I’m so ashamed to say I have racist thoughts. I grew up in a small suburban town believing that no matter your ethnicity, racist remarks where never appropriate. I moved into a large urban city 5 years ago and found my thoughts and feelings on racism being altered by my experience with people in my neighborhood.
I live in an area with a high immigrant population of Asian/ Vietnamese / Hispanic families. I also live down the street for a low income housing project that has a high majority of African American families. The Asian and Hispanic populations are very hard working individuals, opening stores, restaurants and businesses. They put me to shame with their work ethic, often working weekends and holidays. I always see my Asian/ Hispanic neighbors working their houses, playing in the park with their children, or sending time with their families, after they have worked all week and into the weekend. We always greet each other with simple words and friendly gestures.
When I walk past the housing project, I am heckled by my neighbors who yell sexual and offensive comments, fail to respect quite hours in the evening and often let their children wander around late into the night. I feel voices that I’ve heard say racist and offensive comments creep into my head and I bite my tongue to hold back a lot of words I feel inside.

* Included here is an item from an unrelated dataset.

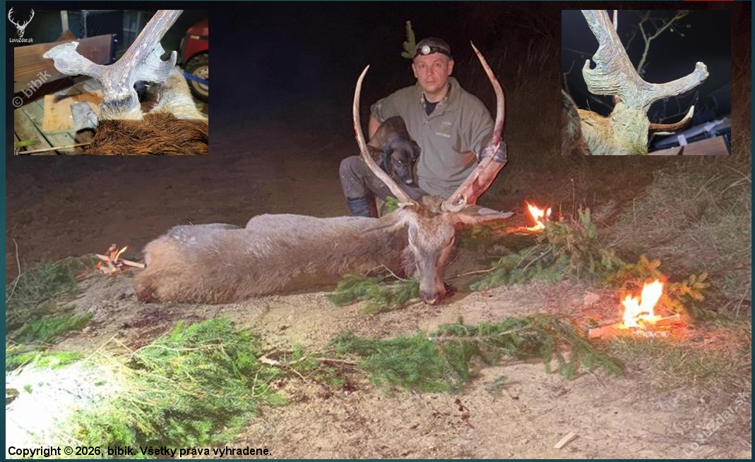 popis: Sezóna lovu zveri je v plnom prúde, už sa aj mne dačo pritrafilo uloviť. Ale v deň 22.10.25 som si povedal, skúsim ešte nejakú jelenicu. Tak som sa vybral do lokality Za Vrch, vedel som, že to tadiaľ prechádza. Tak som sa postavil na kraj...Sezóna lovu zveri je v plnom prúde, už sa aj mne dačo pritrafilo uloviť. Ale v deň 22.10.25 som si povedal, skúsim ešte nejakú jelenicu. Tak som sa vybral do lokality Za Vrch, vedel som, že to tadiaľ prechádza. Tak som sa postavil na kraj lesa a čakal, okolo mňa pobehovali zajačiky, bola radosť sa na ne pozerať a aj som zabudol, kvôli čomu som tam došiel. Behali tak blízko, že jeden do mňa skoro narazil. Pomaly sa začalo šeriť a z lesa vyšla vysoká. Vzdialenosť bola cez 300 m. Čakám ešte chvíľku, ktorým smerom sa rozhodne ísť. A podľa toho pôjdem domov alebo im nadbehnem. Diana a Hubert to asi tak chceli a šli nie úplne ku mne, ale povedal som si, nemám čo stratiť, buď ostanú alebo ujdú. Tak streleckú paličku do ruky, flintičku cez plece, Heidynu som nechal odloženú. Medzi nami bola terénna vlna, tak ja, kus chlapa s výškou 167 cm, som sa nemusel ani prikrčiť, veď žihľava bola vyššia ako ja. Ale boli časti, kde som sa veru musel už poriadne. Dostal som sa na ne tak na 70 m v poli. Opriem paličku, flintu do pozície štart a ďalekohľadom som ešte vedel čítať čriedu. Tretí v poradí bol on. Pozriem celu čriedu, bol tam ešte nejaký korunáč, ale ten ma nezaujímal. Ako rozprával už nebohý kamarát páan poľovník( Rudo-Findula.) to ťa musí udrieť do očí a v tedy vieš, že to je to správne, a mne sa také čosi stalo, udrelo ma to. Bol to nepravidelný šesťorák, na ľavom kmeni len asi 4 cm operák a druhá strana nič, len nadočnik. Ale je tam veľké ALE, ktoré som nevidel a ani nevedel, že to tam je. Je rozhodnuté, odistím. Ale jeleň stál nie v dobrej pozícii. Priznám sa, ulakomil som sa na krk, potiahnem spúšť, pááác. Jeleň ostáva v ohni. Neprebíjam, len sa pozerám v ďalekohľade, otočím sa na Heidy v diaľke a v uchu počujem buchot, pozriem smerom na jelene a jeleň beží smerom jemne ku mne. Spadne, postaví sa, pár krokov pobeží, spadne, postaví sa a beží, prebijem, mierim z paličky, ale nedalo sa mi s ňou, brzdil ma pohyb v otáčaní, paličku hádžem na zem a z voľnej ruky strieľam na lopatku a jeleň ostáva ležať presne na poľnej ceste. Ale to som už prebil a čakal pár minút, ale už len chvostíkom vládal triasť. Vydýchnem si, ani som k nemu nešiel. Vrátil som sa, kde som sedel s Heidy, nasadáme do auta a ideme k jeleňovi, medzi tým volám hospodárovi (Juro10), že čo a ako som vykonal. To už prichádzam k jeleňovi. Keď som už začal obzerať hlavu, veľmi ma to buchlo do očí ešte viac, jeleň RARITA, očník sploštený ako keď ho dáte na zem a klepnete kladivom, ale to nebolo všetko, zo zadnej strany mu vyrastal výrastok široký, taký hák. No priznám sa, ani opísať sa to nedá, len treba vidieť. Po poľovníckej eufórii som znovu volal s hospodárom, poslal foto. Že nádhera. Volal som aj synovi, nech zoberie auto, a aj susedovi Jurovi, či nepríde pomôcť, tak nakoniec on zobral aj vlečku, aj auto, aj syna. Ja som medzi tým založil plombu podľa pravidiel, zapísal do povelenky aby som nebol za pytliaka. Kým všetci prišli, jeleňa som obriadil a pripravil si výrad tak, ako to mám ja rád. Tak, ako si to kráľ, ale aj iná zver zaslúži. Preto si to zaslúži, lebo ona nechcela zomrieť, ale my sme to chceli. V ten večer mi Diana a Hubert dopriali krásneho raritneho jeleňa prvej vekovej triedy. Ďakujem tým, ktorí mi pomohli. Lovu zdar, priatelia zobraziť celý popis

But why? Why has the negativity of Racism crept into my head? I have very good friends who are African American, Ive been in mixed relationships, I even have an “adopted” aunt who I loved. I see their children as my own I would never disrespect an individual of this race, but I am struggling to understand the overall values of this ethnicity and the reason that I feel the way I do. What is happening in our culture and why has the majority of this ethnic group ended up becoming the so displaced in our society?